Friday, September 7, 2018

Are you a tick magnet?

Do mosquitoes make a beeline for you and ignore your companion?

You are not crazy.  Ticks do like you. 
A recent European study showed a species of Ixodes ticks preferentially seek out certain blood types.  From the ABO Rh subgroups ticks prefer type O blood and type B blood is relatively protective. Ticks find type A blood only slightly less appealing. Ticks, mosquitoes and other blood sucking insects are primarily attracted by CO2 but there are other important factors. The insects can detect hundreds of volatile organic compounds which emit signature scents from our skin. Sweat plays a role. Skin flora play a role. Other genetic factors may be in play. 
I am lucky and have type B blood – 9% of the US population.  You are probably not so lucky. 
It is true:  some of us smell sweeter to ticks and mosquitoes than others of us. 
Certain chemicals make us less attractive.  DEET and Picardin are well known insect repellents and are moderately effective.
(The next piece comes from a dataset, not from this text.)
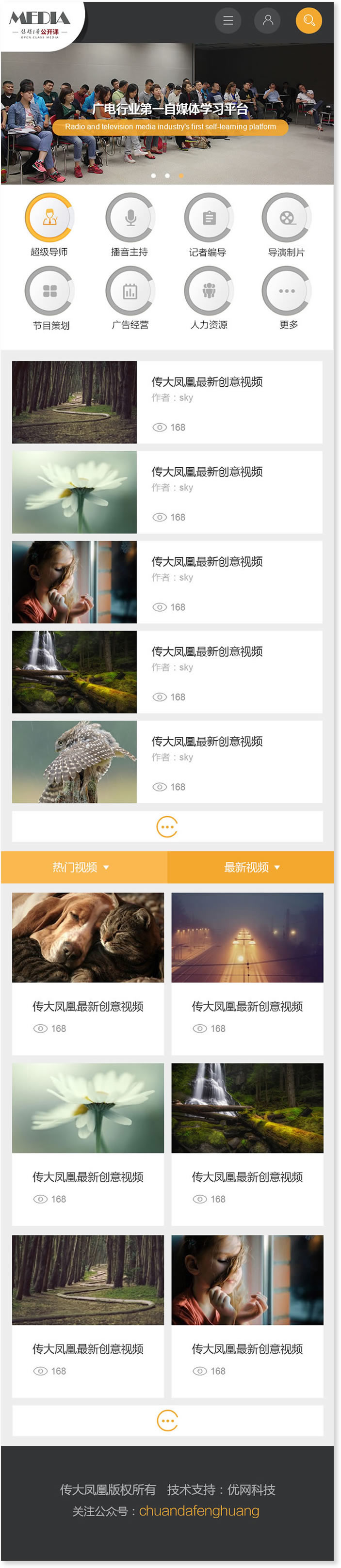 今天优网科技小优就来给大家介绍一下传媒1号手机站,手机网站设计的风格以简约为主,配色方面用LOGO灰色和橙色点缀搭配,让视频信息整齐罗列显示,并且有主次重点。

Other natural substances may be effective, such as: lemongrass, citronella, cedar, peppermint, lavender and geranium. 
I have no specific recommendation here.  There is a lot of discussion on the internet.  A patient recently told me he combines several of these substances and has good results. 
The most important preventative is permethrin. Permethrin is applied to clothes and allowed to dry overnight.  Clothes pretreated with permethrin are commercially available.  Permethrin persists in/on fabric for a month or more – even if clothes are washed. 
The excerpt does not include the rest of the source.